We start by extending the dense Cholesky factorizations to the sparse case in a straightforward way. In practice, it is essential for efficiency to exploit the supervariables of A and the supernodes of L. Thus, while for simplicity of the descriptions and notation, we refer to rows and columns of A and L, these typically represent block rows and block columns and, as in the above discussion of the dense block factorization algorithm, the entries of A and L are then submatrices.

The entries of L satisfy the relationship

$$\displaystyle \begin{aligned} L_{j+1:n,j} = \left(\! A_{\, j+1:n, j} - \sum_{k=1}^{j-1}L_{j+1:n,k} l_{jk}\! \right )/ l_{jj} \quad \mathrm{with} \quad l_{jj} = \left( a_{jj} - \sum_{k=1}^{j-1} l_{jk}^2 \right)^{1/2}, \end{aligned}$$

and from this we deduce the following result.

Theorem 5.1 (Liu 1990)

The numerical values of the entries in column j > k of L depend on the numerical values in column k of L if and only if l jk ≠ 0.

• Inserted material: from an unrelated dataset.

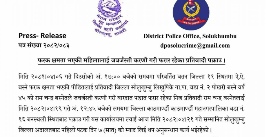 प्रहरी निरीक्षक विकास राईका अनुसार, पीडित महिला सुस्त मानसिक अवस्थाकी हुन्। घटनाबारे उजुरी परेपछि अनुसन्धान सुरु गरिएको थियो। प्रारम्भिक अनुसन्धानपछि बस्नेतलाई पक्राउ गरिएको र जिल्ला अदालत सोलुखुम्बुबाट आज सात दिनको म्याद थप गरेर थप अनुसन्धान अघि बढाइएको प्रहरीले जनाएको छ।
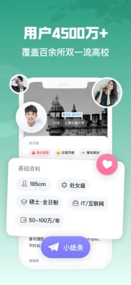 大厂青年、名校毕业生、斜杠青年、医生教师公务员… 推荐符合你要求的异性,照片+文字+语音,个人资料丰富立体。

The theoretical background of the previous chapter based on the elimination tree \(\mathcal T\) enables the dependencies in Theorem 5.1 to be searched for efficiently. In particular, \(\mathcal T\) allows the row (or column) counts of L to be computed and they can be used to allocate storage for L. It can also be used to find supernodes and the resulting (block) elimination tree can then be employed to determine the (block) column structure of L. In practice, it can be beneficial to split large supernodes into smaller panels to better conform to computer caches.

Algorithms 5.5 and 5.6 are simplified sparse left- and right-looking Cholesky factorization algorithms that are straightforward sparse variants of Algorithms 5.1 and 5.4, respectively (the latter with nb = n, that is, without considering blocks). Here, we assume that the sparsity pattern of L has already been determined in the symbolic phase and static storage formats based, for example, on compressed columns and/or rows are used.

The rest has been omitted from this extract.